My father zt”l was desperate to keep convince a man to grant his wife a religious divorce, a “Get.” After years of negotiations, my father raised $10,000 to pay this man. The man was not satisfied with the money. He insisted that it be delivered in one dollar bill’s. He then insisted that my father, the prominent Rosh Yeshiva, count out the money dollar by dollar. He wanted to humiliate and disgrace my father.

I think of that scene when I read Haman’s promise to Achashveirosh. I picture Haman as promising the King that he personally will count out the 10,000 talents of silver, one by one, as an expression of his servitude to the King.

The King does not refuse the money. He promises Haman that the money will be “given” to him, meaning, it will first be deposited in the King’s treasuries (you can’t ‘give’ money you don’t have, which would have been the case if Achashveirosh refused Haman’s money) and then, it will be given to Haman. Achashveirosh insists that Haman understand that the money comes from the king.

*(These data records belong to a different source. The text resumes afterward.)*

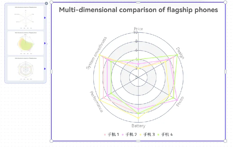 雷達圖是多維數據比較的優秀視覺工具,能使複雜的橫向對比信息直觀易懂。更重要的是,借助AI工具,無需任何設計經驗,10分鐘即可製作出專業且符合場景的雷達圖,適用於多種使用場景。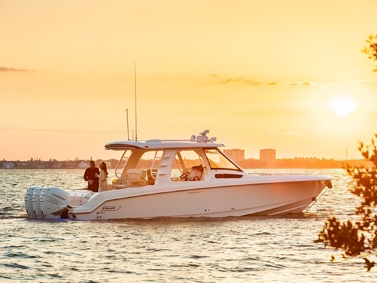 - Available with WHALER WATCH featuring Mercury's Theft Deterrent System (TDS), a telematics tracking system with GeoFence Immobilization, and remote boat monitoring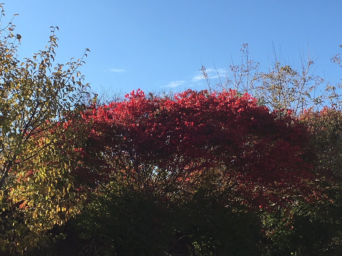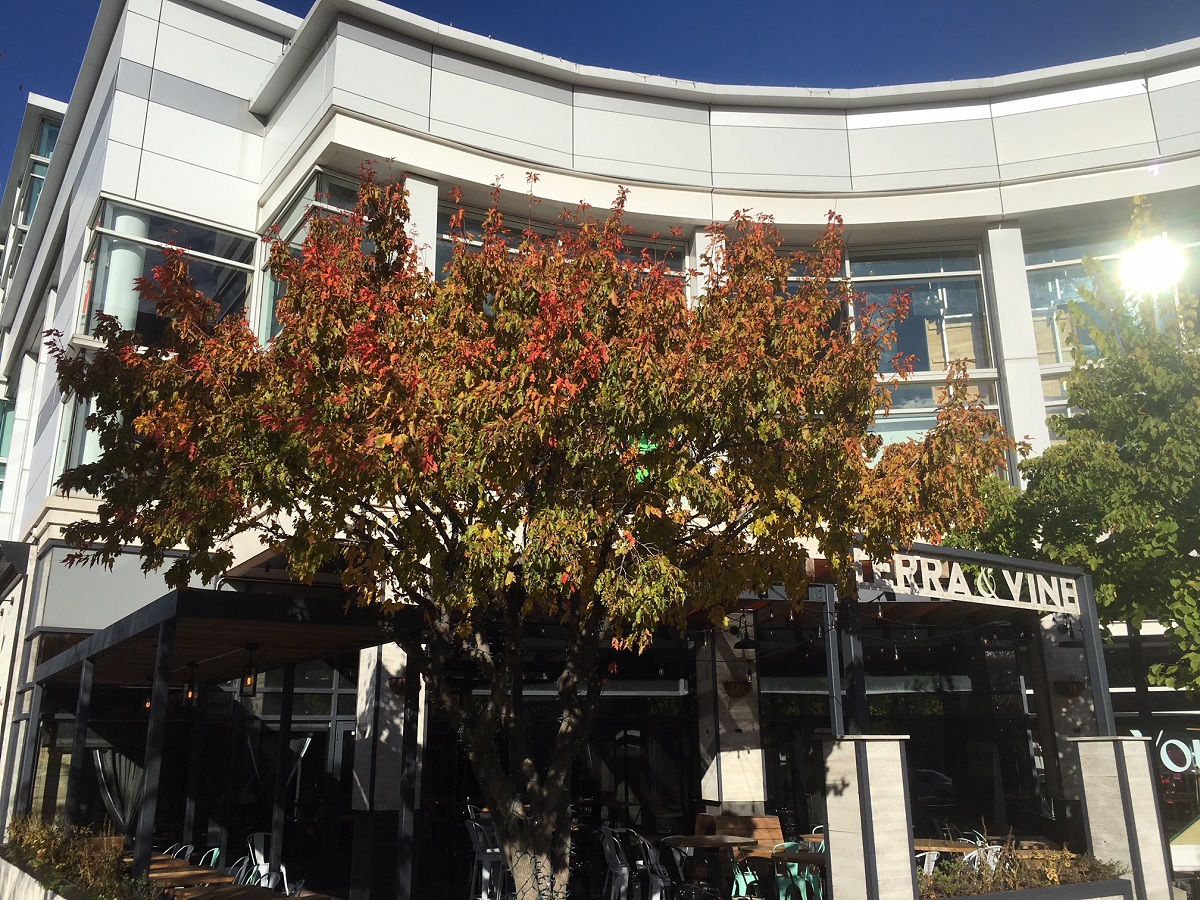 Bright red tree by Metra tracks at University Place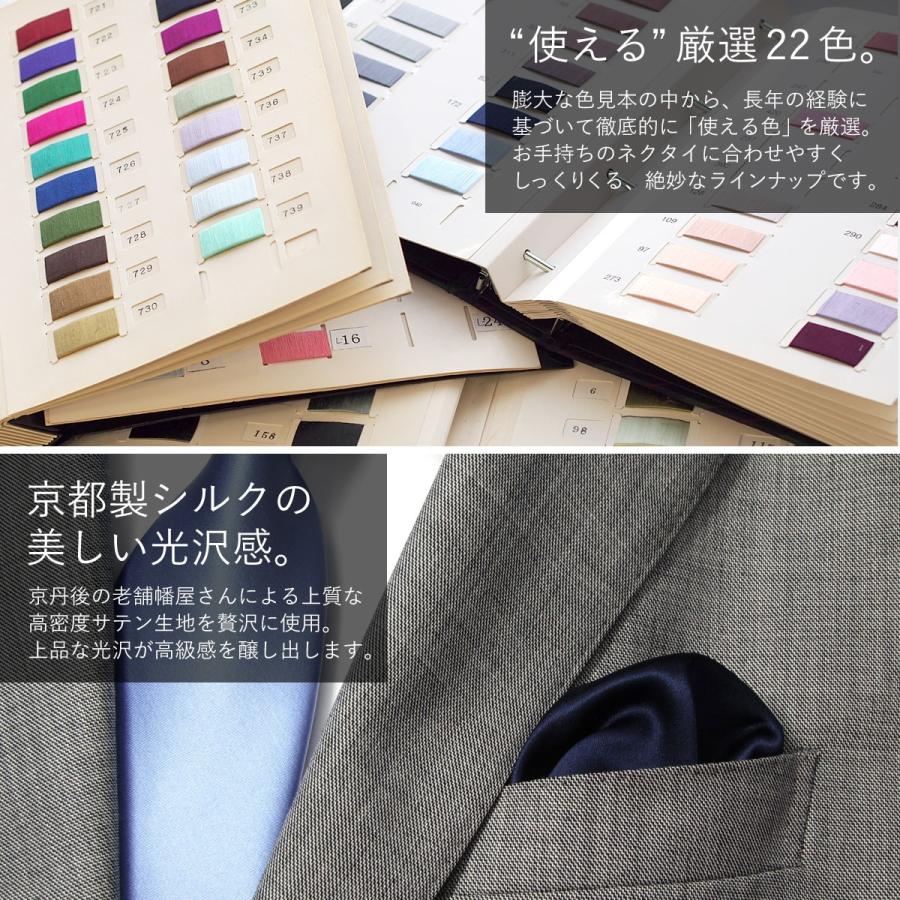 【ネコポス可】京丹後の老舗幡屋さんの上質なシルク生地で作った、サテン無地ポケットチーフです。

We have Haman counting out the money dollar bill by dollar bill. We have Haman using money to honor the king. We had a king insisting that the person counting the money understand that all the money comes from the King.

The mitzvah of Shekalim  is very different. The King does not ask for a huge sum, but a simple coin of little value. The King will have His agent, Moshe, count the money counting coin by coin to honor the people who gave it, not to honor the King. It may be a coin of little value to us, but God honors it as something priceless when He commands the greatest Navi to count each Half Shekel.